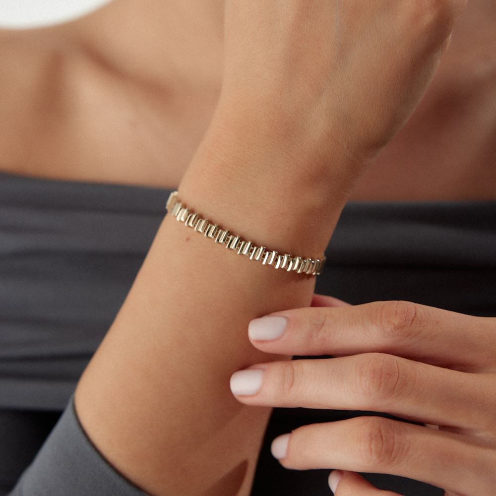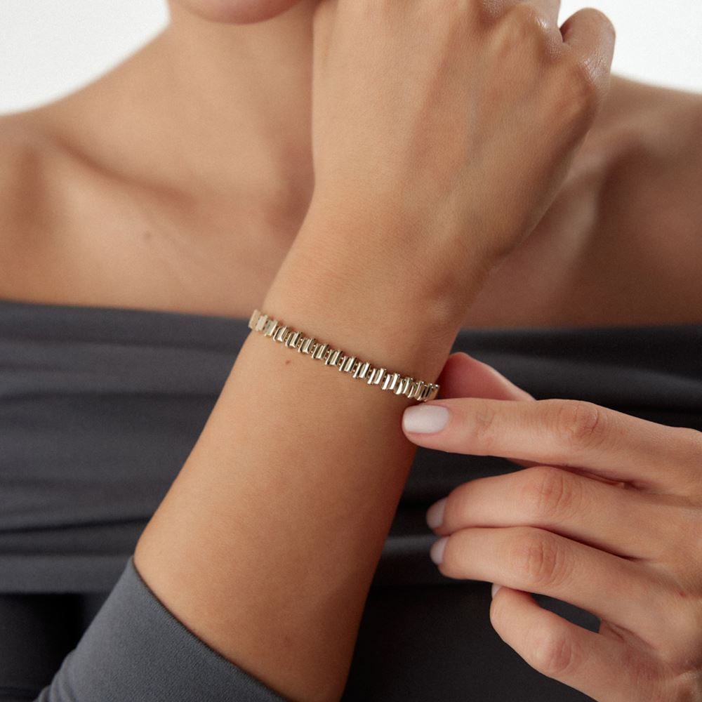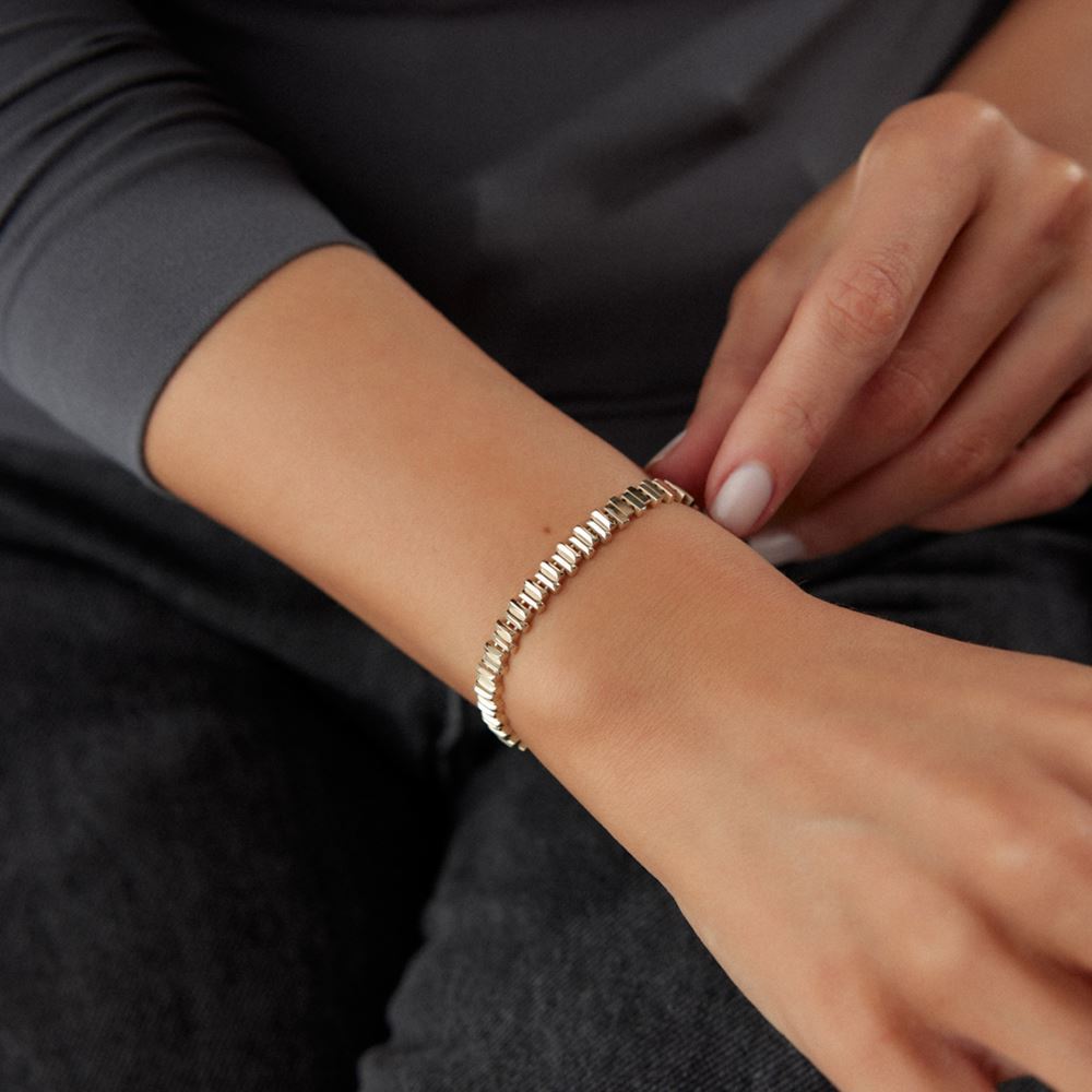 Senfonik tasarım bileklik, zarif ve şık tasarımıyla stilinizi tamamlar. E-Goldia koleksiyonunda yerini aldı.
★ ★ ★ ★ ★
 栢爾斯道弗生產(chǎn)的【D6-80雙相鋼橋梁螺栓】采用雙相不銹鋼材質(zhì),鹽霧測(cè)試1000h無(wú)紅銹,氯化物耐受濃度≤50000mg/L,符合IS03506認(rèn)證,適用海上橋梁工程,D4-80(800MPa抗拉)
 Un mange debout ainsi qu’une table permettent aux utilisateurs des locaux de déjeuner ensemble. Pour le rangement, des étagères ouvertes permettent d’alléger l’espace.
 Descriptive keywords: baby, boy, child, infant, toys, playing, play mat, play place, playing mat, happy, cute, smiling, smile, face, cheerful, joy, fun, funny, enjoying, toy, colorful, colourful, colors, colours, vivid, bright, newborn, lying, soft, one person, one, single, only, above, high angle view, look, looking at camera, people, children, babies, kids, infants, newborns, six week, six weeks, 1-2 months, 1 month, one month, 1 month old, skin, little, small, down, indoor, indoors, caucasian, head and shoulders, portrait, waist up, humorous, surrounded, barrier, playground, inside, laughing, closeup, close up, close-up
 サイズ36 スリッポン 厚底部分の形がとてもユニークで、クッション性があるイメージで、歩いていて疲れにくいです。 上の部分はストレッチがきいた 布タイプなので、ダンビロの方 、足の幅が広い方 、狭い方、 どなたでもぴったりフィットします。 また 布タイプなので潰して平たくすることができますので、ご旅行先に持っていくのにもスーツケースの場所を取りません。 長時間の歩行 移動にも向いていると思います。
★ ★ ★ ★ ★
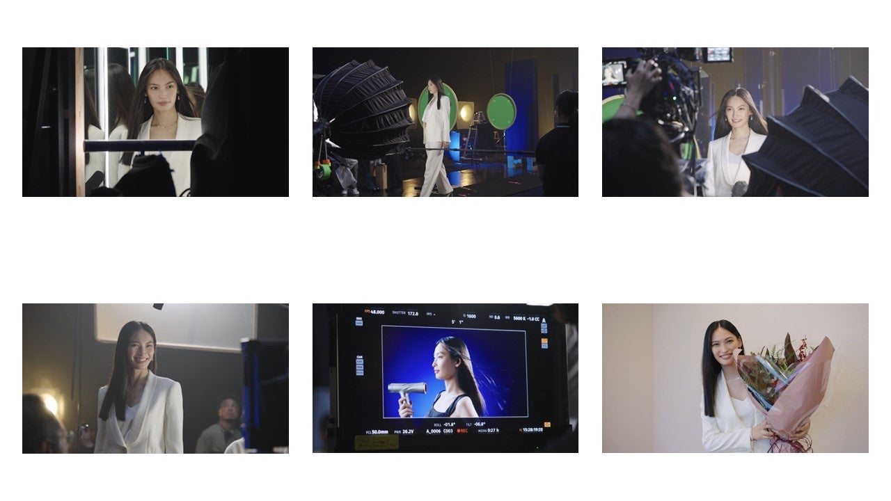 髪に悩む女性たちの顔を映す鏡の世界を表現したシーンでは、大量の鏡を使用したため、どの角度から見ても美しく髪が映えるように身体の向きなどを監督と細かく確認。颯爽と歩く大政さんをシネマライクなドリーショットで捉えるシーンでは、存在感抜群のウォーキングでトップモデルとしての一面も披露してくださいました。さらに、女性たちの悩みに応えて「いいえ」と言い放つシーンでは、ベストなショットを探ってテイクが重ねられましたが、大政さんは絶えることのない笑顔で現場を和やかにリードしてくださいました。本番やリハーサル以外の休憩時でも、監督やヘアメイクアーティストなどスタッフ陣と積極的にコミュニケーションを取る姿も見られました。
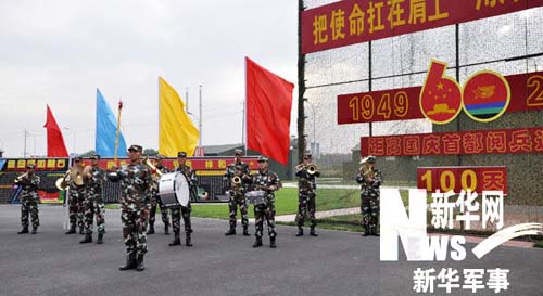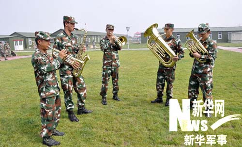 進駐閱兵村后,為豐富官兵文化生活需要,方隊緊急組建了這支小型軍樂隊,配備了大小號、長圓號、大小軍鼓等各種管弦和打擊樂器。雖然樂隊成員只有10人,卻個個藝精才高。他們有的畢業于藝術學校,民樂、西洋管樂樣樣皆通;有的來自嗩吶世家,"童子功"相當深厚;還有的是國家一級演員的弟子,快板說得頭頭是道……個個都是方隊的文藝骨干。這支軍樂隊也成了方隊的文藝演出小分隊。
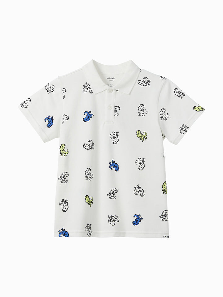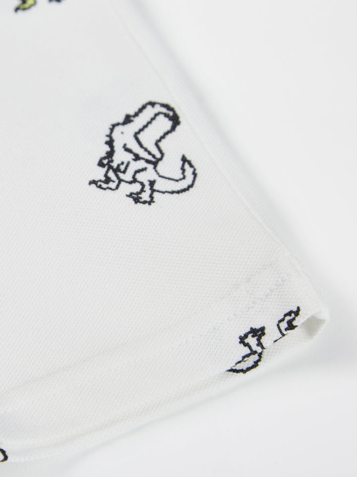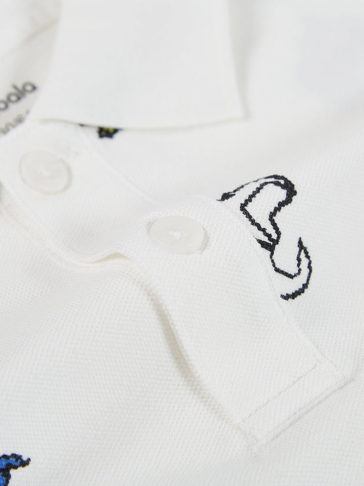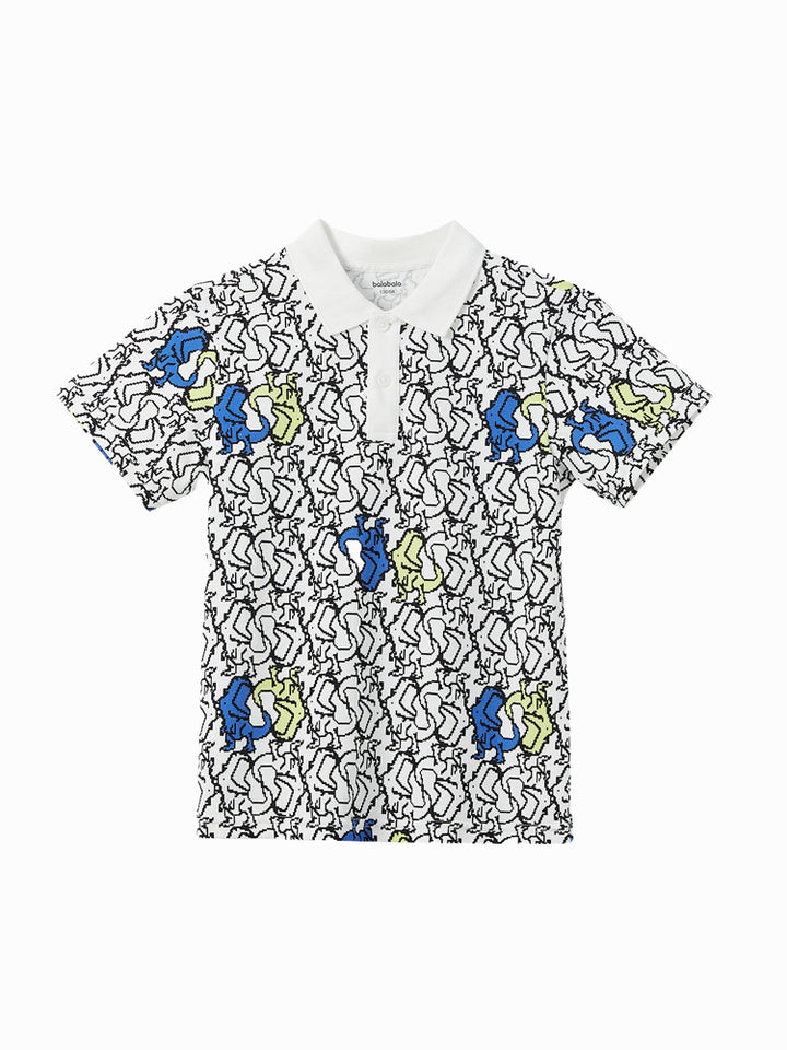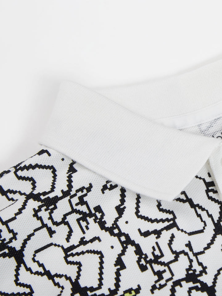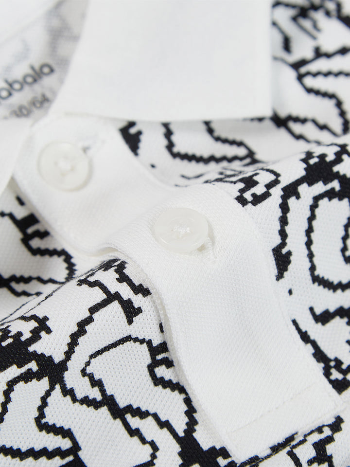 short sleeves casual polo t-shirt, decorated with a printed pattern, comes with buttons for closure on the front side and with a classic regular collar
★ ★ ★ ★ ★
** Work required **
The expected output is exactly the lines of the listing above between the line holding "栢爾斯道弗生產(chǎn)的" and the line holding "サイズ36 スリッポン 厚底部分の形がとてもユニークで、クッション性があるイメージで、歩いていて疲れにくいです。", inclusive.

** Output for this exercise **
 栢爾斯道弗生產(chǎn)的【D6-80雙相鋼橋梁螺栓】采用雙相不銹鋼材質(zhì),鹽霧測(cè)試1000h無(wú)紅銹,氯化物耐受濃度≤50000mg/L,符合IS03506認(rèn)證,適用海上橋梁工程,D4-80(800MPa抗拉)
 Un mange debout ainsi qu’une table permettent aux utilisateurs des locaux de déjeuner ensemble. Pour le rangement, des étagères ouvertes permettent d’alléger l’espace.
 Descriptive keywords: baby, boy, child, infant, toys, playing, play mat, play place, playing mat, happy, cute, smiling, smile, face, cheerful, joy, fun, funny, enjoying, toy, colorful, colourful, colors, colours, vivid, bright, newborn, lying, soft, one person, one, single, only, above, high angle view, look, looking at camera, people, children, babies, kids, infants, newborns, six week, six weeks, 1-2 months, 1 month, one month, 1 month old, skin, little, small, down, indoor, indoors, caucasian, head and shoulders, portrait, waist up, humorous, surrounded, barrier, playground, inside, laughing, closeup, close up, close-up
 サイズ36 スリッポン 厚底部分の形がとてもユニークで、クッション性があるイメージで、歩いていて疲れにくいです。 上の部分はストレッチがきいた 布タイプなので、ダンビロの方 、足の幅が広い方 、狭い方、 どなたでもぴったりフィットします。 また 布タイプなので潰して平たくすることができますので、ご旅行先に持っていくのにもスーツケースの場所を取りません。 長時間の歩行 移動にも向いていると思います。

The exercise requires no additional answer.